▸ **TASK DATA**:
::::::::
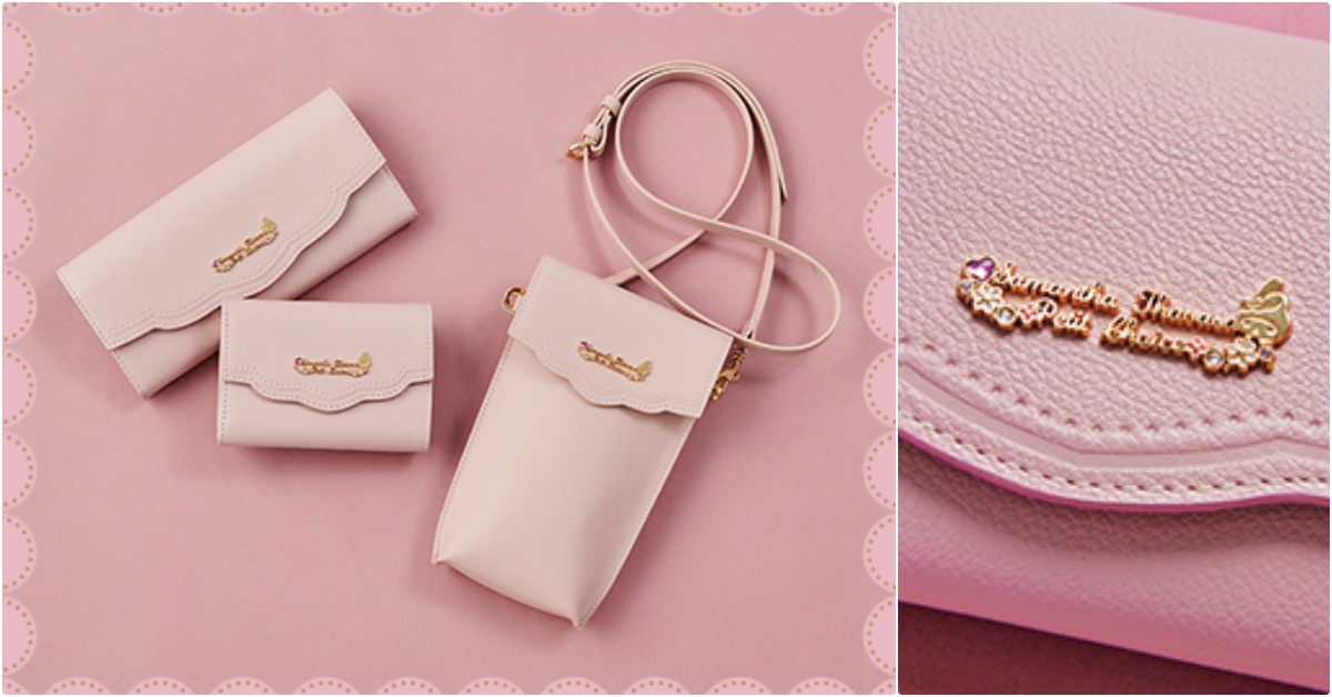 聯名包的設計還沿用到長皮夾、短皮夾以及手機袋上,翻蓋處都有優雅的荷葉邊花紋,那美樂蒂、酷洛米在哪裡呢?原來變身成金色大頭裝飾偷偷藏在LOGO旁,低調精緻的設計,通緝ing的反派酷洛米也不怕被抓到啦(笑)!
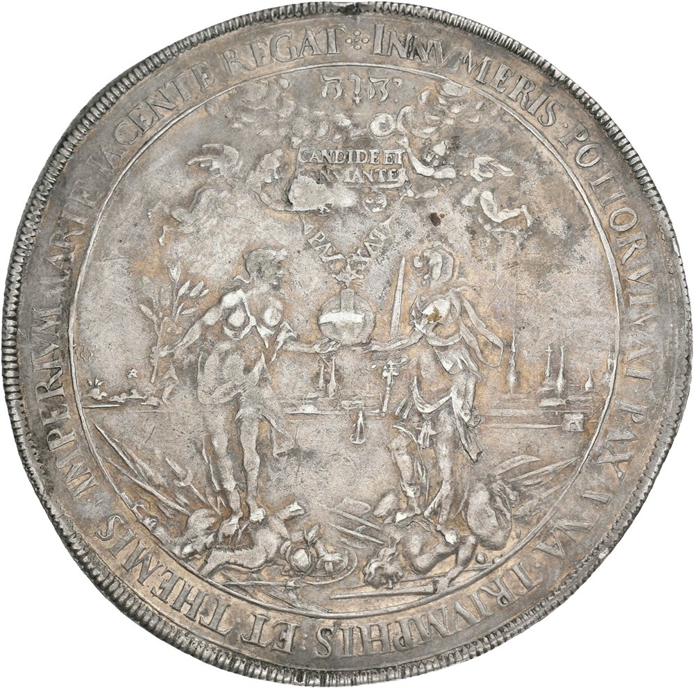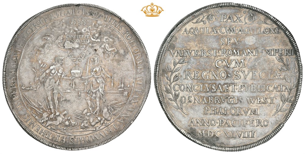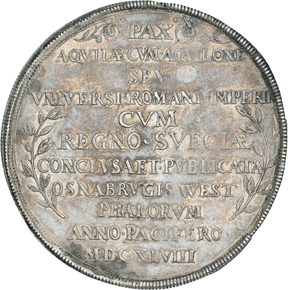 1 1/2 schautaler 1648 (60 mm; 41.75 g). Unsigned, by E. Ketteler. Struck to commemorate the peace treaty between The Holy Roman Empire and the Kingdom of Sweden that was signed in the cities of Münster and Osnabrück in October 1648. Light deposits and minor edge flaw
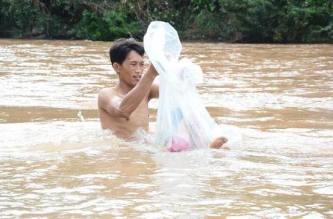 “Vào mùa mưa như hiện nay, nước lớn tràn về, bè mảng cũng không thể qua sông. Bởi vậy, phương tiện duy nhất là cho các cháu vào trong túi nilon bơi qua suối dữ đến trường”, anh Giống chia sẻ.
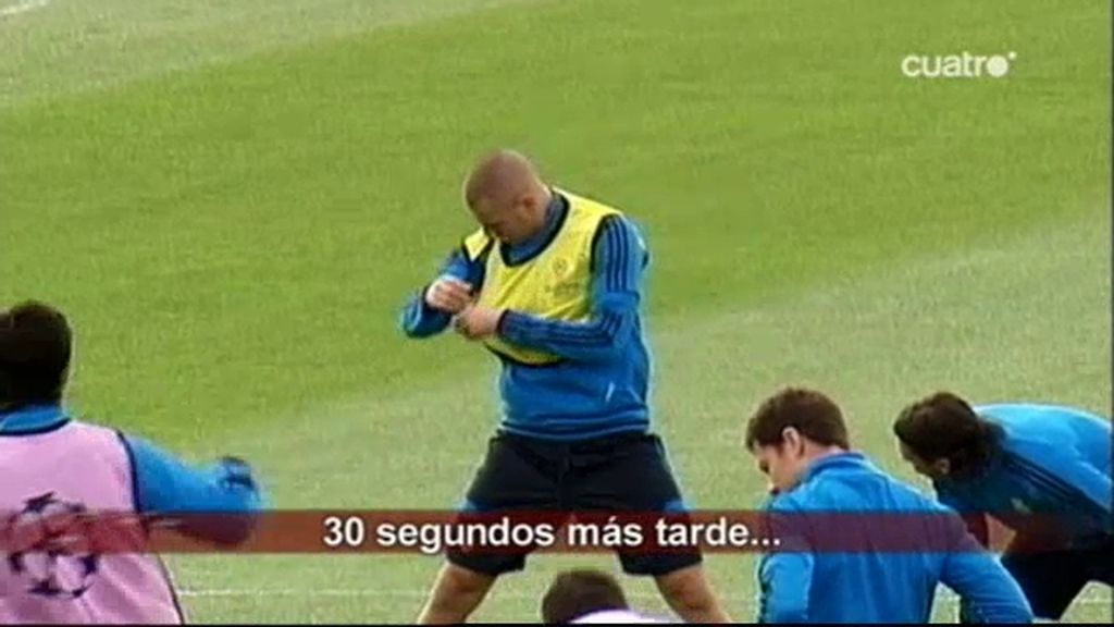 cuatro.com02/11/201119:13 h.Karim Benzemá y el peto de entrenamiento no se llevan muy bienEl delantero blanco estuvo más de 30 segundos intentando ponerse el peto
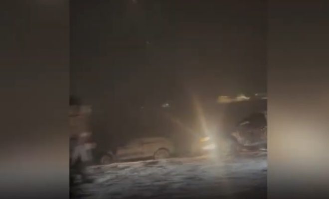 Në pamjet e siguruara nga Klan Kosova shihen disa vetura që kanë dalë nga rruga, si pasojë e kushteve të vështira për shkak të reshjeve të dendura të shiut.
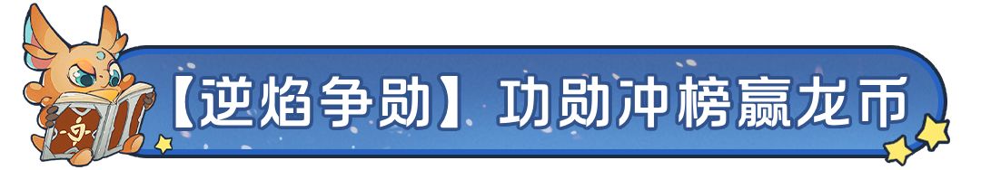 新剧本,功勋排位,龙币福利BUFF前来助力!体验酣畅淋漓的战斗,获得超值奖励,【逆焰争勋】功勋冲榜赢龙币活动开启!!最终榜单将在开服之日起第14天24点结算为止锁定,所有满10万(含10万)功勋的玩家都可以获得对应比例的龙币奖励!
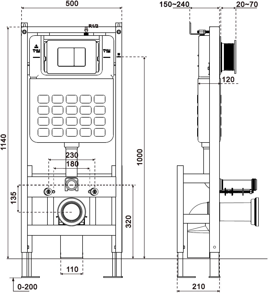Mexen Tex Air F freestanding pneumatic in-wall frame for WC - 61101A
::::::::
▸ **EXERCISE GOAL**: Write out again, exactly, each line from the one with "Në pamjet e" to the end of the entries. No pictures go in.

▸ **YOUR SOLUTION**:
 Në pamjet e siguruara nga Klan Kosova shihen disa vetura që kanë dalë nga rruga, si pasojë e kushteve të vështira për shkak të reshjeve të dendura të shiut.
 新剧本,功勋排位,龙币福利BUFF前来助力!体验酣畅淋漓的战斗,获得超值奖励,【逆焰争勋】功勋冲榜赢龙币活动开启!!最终榜单将在开服之日起第14天24点结算为止锁定,所有满10万(含10万)功勋的玩家都可以获得对应比例的龙币奖励!
Mexen Tex Air F freestanding pneumatic in-wall frame for WC - 61101A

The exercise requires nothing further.